Название книги Сапгира «Глаза на затылке», давшее название и нашему тому, восходит к концепции «затылочного зрения» авангардного художника и музыканта Михаила Матюшина, прокламировавшего полноту восприятия мира («расширенного восприятия») посредством влияния «пространства, света, цвета и формы на мозговые центры через затылок»[39], что открывает человеку не видимые при обычном смотрении части единого бытия. Сапгир – как и большинство авангардистов – видит проблему не в существовании трансцендентного – заведомо недоступного человеческому восприятию, но в ограниченности человеческой способности воспринимать скрытые от досужего взгляда грани бытия. Об этом он говорил в 1999 году в интервью Татьяне Бек: «Я хочу сказать еще вот что: целый ряд формальных вещей в моих текстах сделан не для экстравагантности, а чтобы полнее ощутить реальность. Ибо я точно знаю: за нашей будничной реальностью есть иные реальности, иные миры, нечто, что мы чувствуем, или чуть чувствуем, или не чувствуем вообще. Между тем оно есть, есть, есть! А искусство может и должно это улавливать своими особыми способами»[40].

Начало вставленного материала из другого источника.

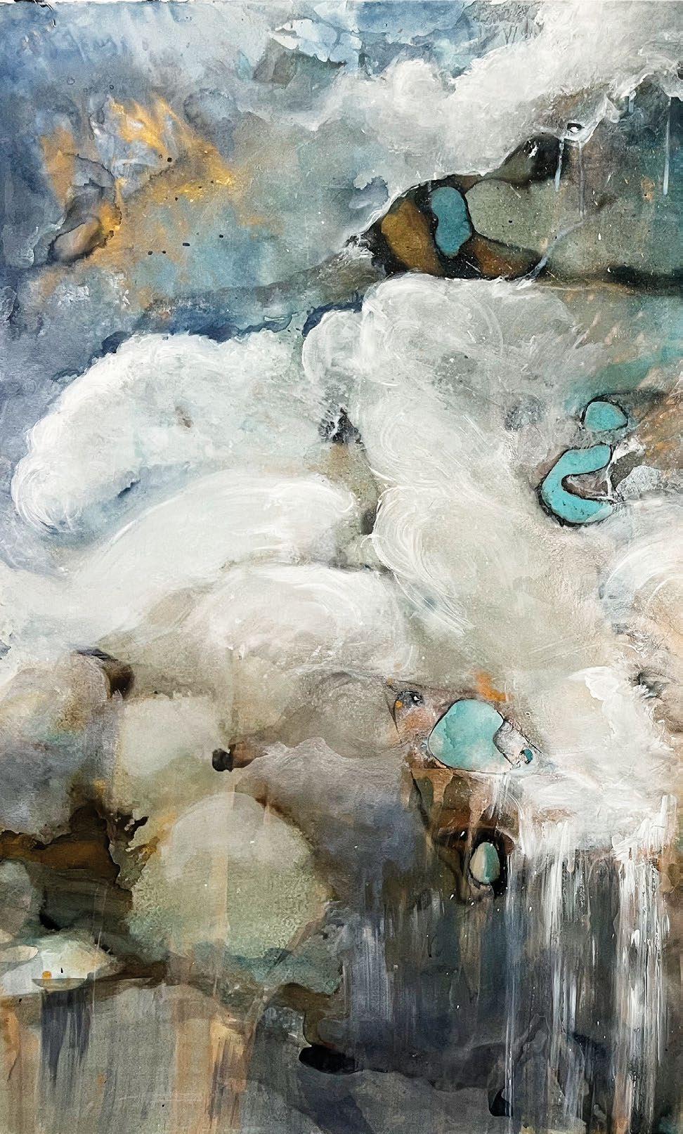 RIGHT AND OPPOSITE: Heebner’s paintings and collages exude feelings of rhythm and mystery—Water series: Blue Music Samba (2015) and Venus series: Night Venus (2014).

Пристальность к параллельным измерениям нашего мира открывает ему этот мир – как герою поэта открывается присутствие рядом с ним самых настоящих «ду́хов» в стихотворении «Духи» из книги «Тактильные инструменты», более того – позволяет ему самому посмотреть на себя глазами юного духа Мууха (стихотворение «Муух»), из своего «меола» с изумлением наблюдающего за существованием альтернативной жизни (на самом деле – нашей, земной!) с ее скучными тремя измерениями. Поэт ищет телесный – акустический, визуальный, даже тактильный – контакт с этими реальностями.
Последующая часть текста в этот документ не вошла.